The trade body for mutuals said it was clear that the Financial Services Authority had listened and taken a substantial amount of industry and consumer feedback into account in its amended proposals.
However the BSA remained concerned about a number of specifics, in particular the intended move to a fully-advised mortgage market and consumer reaction to the extra information that lenders would have to collect to assess affordability.
Paul Broadhead, head of mortgage policy at the BSA, said the proposals from the FSA to move to a fully-advised mortgage market flew directly in the face of government policy decisions placing consumers back in control of their own finances.
Broadhead said: “The FSA is right to ensure that vulnerable consumers always get mortgage advice.
“That said to force other financially savvy consumers with previous experience to take advice, whether they want it or not, runs the real risk of detaching the applicant from both decision and process.
“We understand that the move to a fully-advised market is designed to solve the issue of consumer confusion.
“This can happen if a lender or an intermediary is not crystal clear with a mortgage applicant about whether they are receiving advice on what's right for them or just information on the product range and features available.
“If this is true, this issue can be addressed simply, and with no risk of unintended consequence, by tightening the disclosure requirements for lenders.
“This will ensure that a consumer has a clear choice on having advice or information when they first apply.”

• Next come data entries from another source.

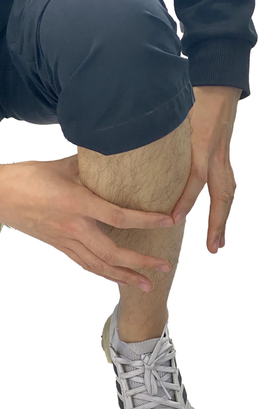 咱们可以用一个简单的方法测测:双手圈一下小腿最粗的地方,如果小腿明显细于这个圈,那提示有可能存在肌少症。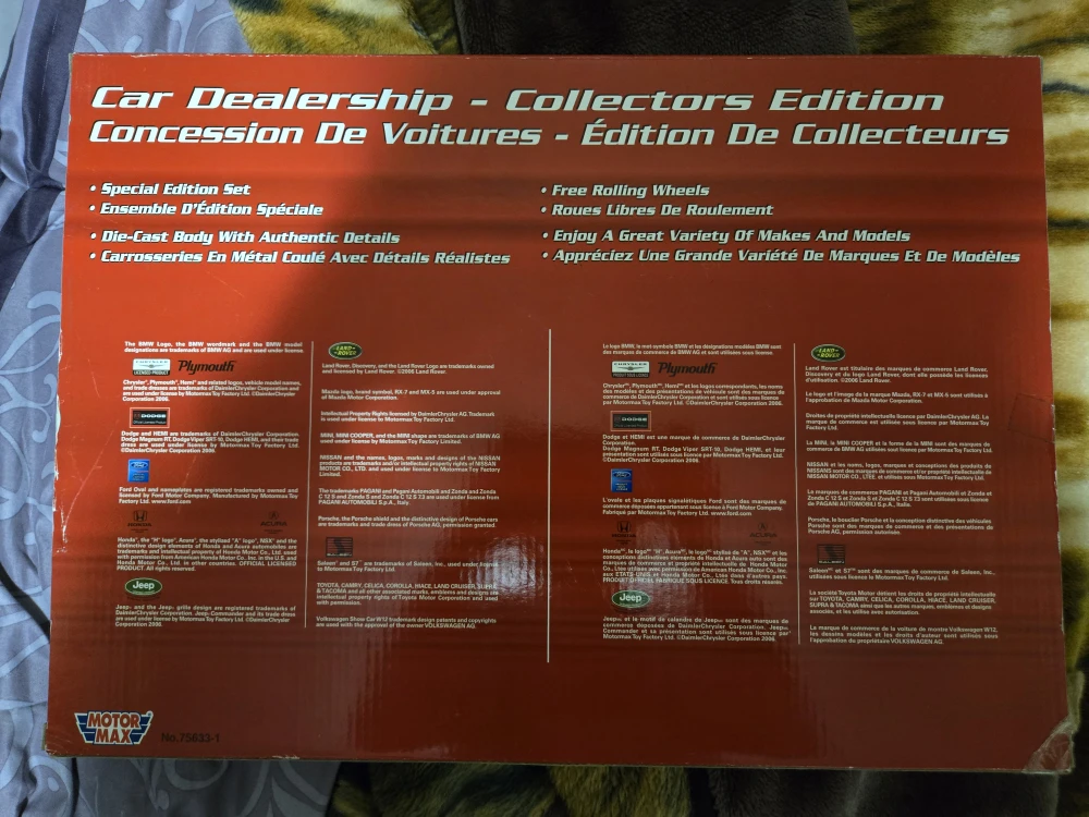 Selling a Motor Max Car Dealership Collectors Edition set from 2006! It includes a special edition set with die-cast bodies and authentic details. Enjoy a great variety of makes and models with free rolling wheels. The set features various cars like the 2005 Dodge Magnum, Porsche 911, and Toyota Corolla, to name a few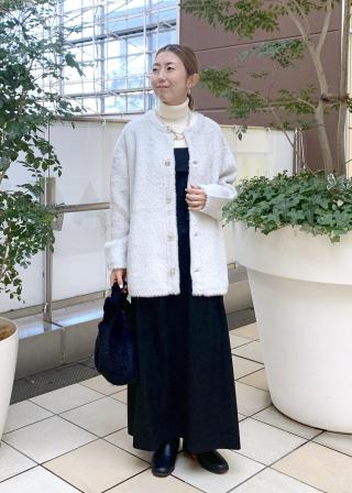 ふわふわのデザインが女性らしいアウターは、軽い着心地で長時間のお出かけにもお勧めです!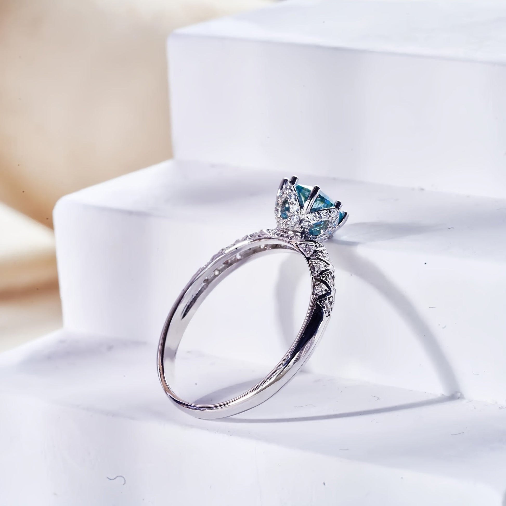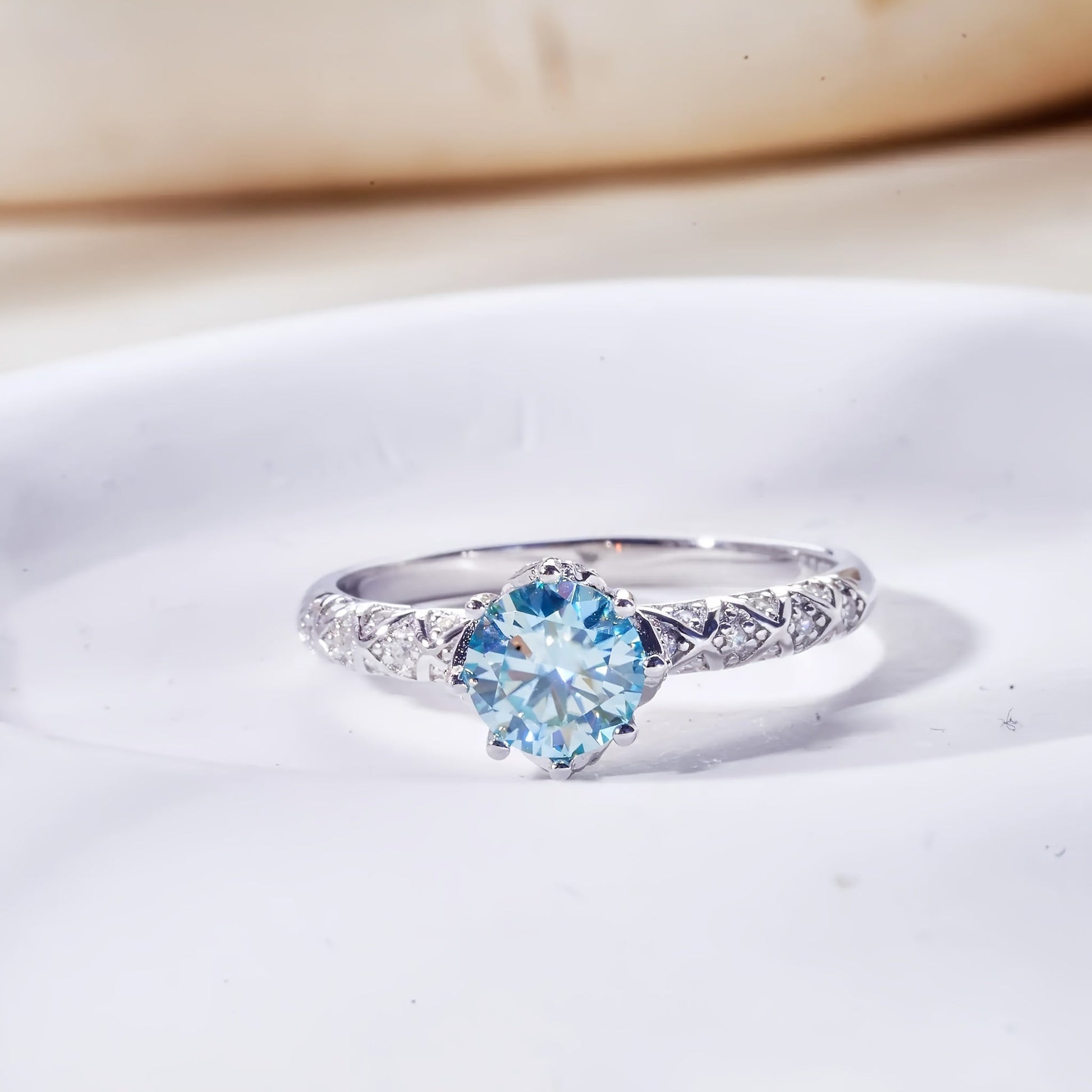 Sterling Silver Moissanite Promise Ring with Round Cut Gem for Wedding Anniversary Gift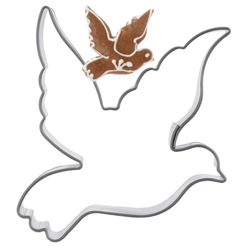 Confectionery cutter in the shape of a dove. Made of stainless steel. Perfect for cutting dough for gingerbread or cookies. Dishwasher safe.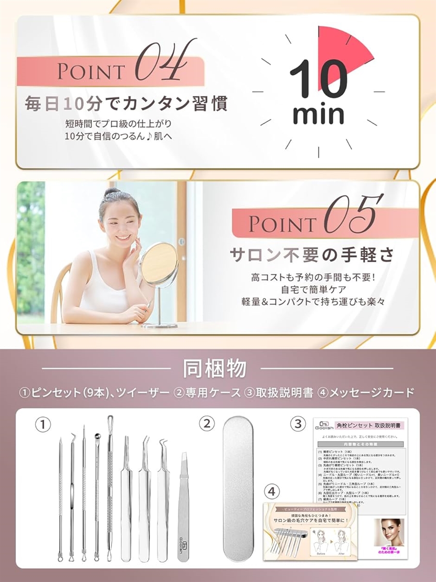 充実の9点セット:角栓取りピンセット、極細針、まつ毛ピンセット、先丸ピンセットを含むセットに加え、取扱説明書も同梱・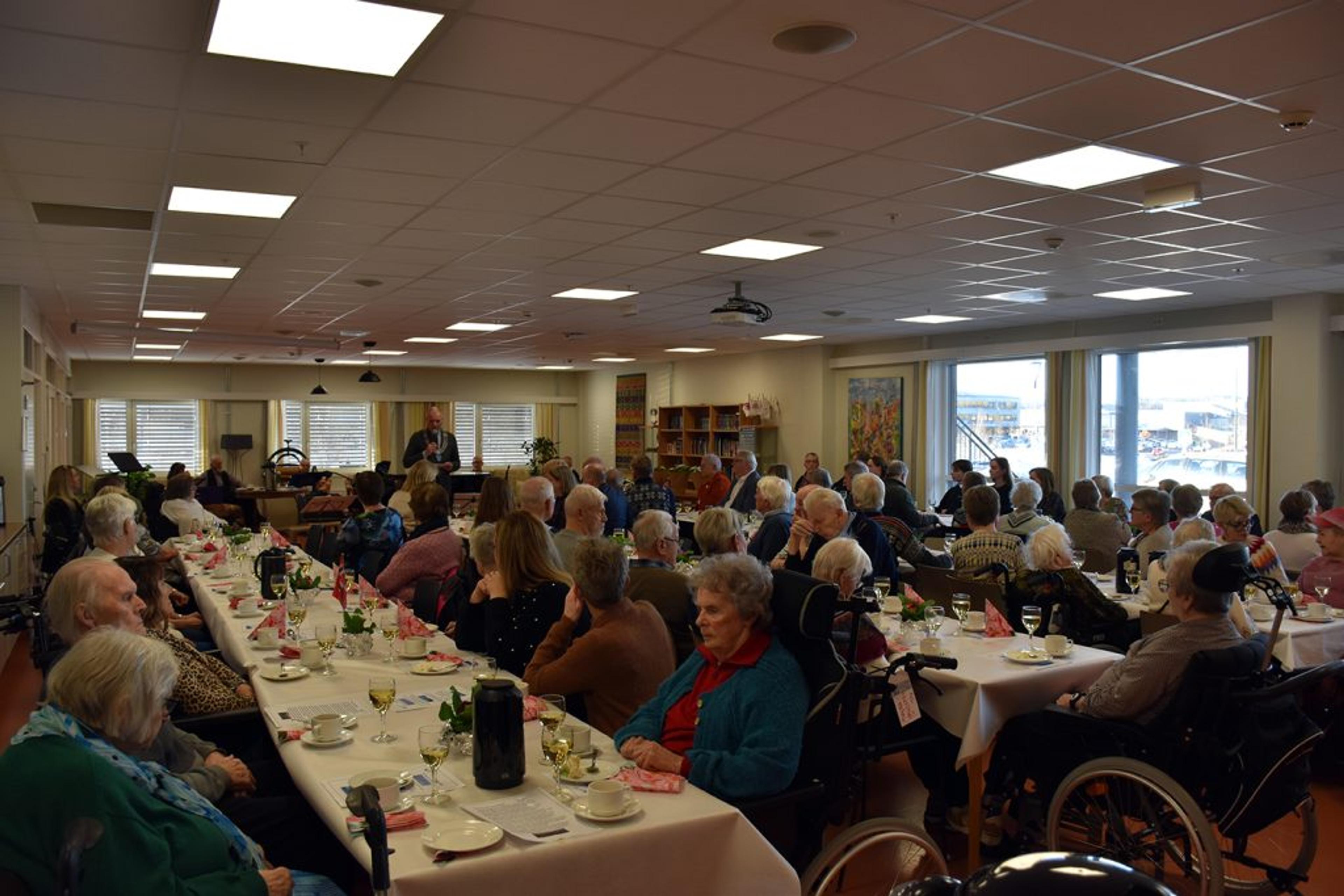 Fulltegnet bursdagsfest, da det var åpen fest for beboere og bygdefolket tirsdag 11. februar 2025. Hele denne uka er det bursdagsfeiring, fra mandag til fredag, med egne arrangement for både beboere og ansatte. Foto: Stian Ormestad, ReAvisa.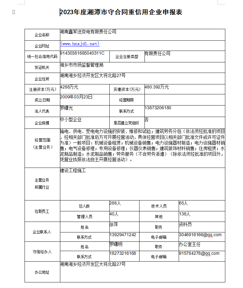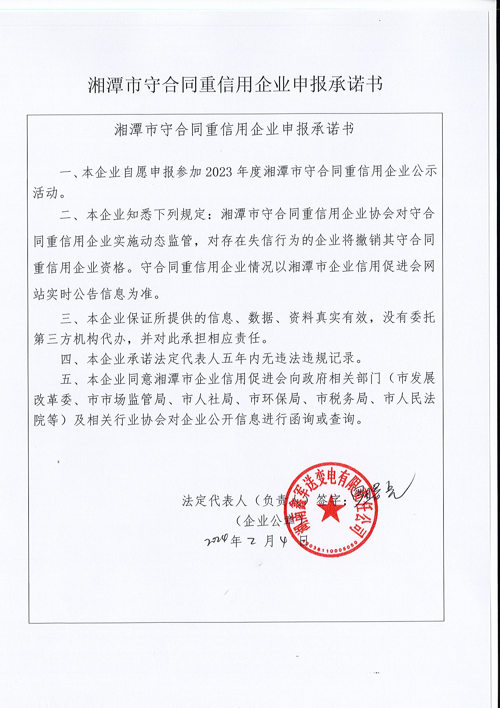 本企業根據《湘潭市守合同重信用企業申報規定》等編制 2023 年度企業信用報告書,并保證本報告書內容真實、準確、完整。

Broadhead added that it was a fact of life that under the proposed new regime consumers would have to get used to far more intrusive questioning from lenders and that lenders would have to get used to ask more probing questions.
He said: “Neither will be easy and it will take adjustment on both sides. Some management of consumer expectation and understanding, perhaps through the Money Advice Service would be helpful before 2013 to avoid a potential consumer backlash.”
Even with these concerns Broadhead did say that the BSA welcomed the substantial shift made by the FSA compared to the controversial set of proposals published in 2010.
Broadhead concluded: “The proposals on the table now are broadly sensible and in many areas are likely to deliver the intended outcomes.”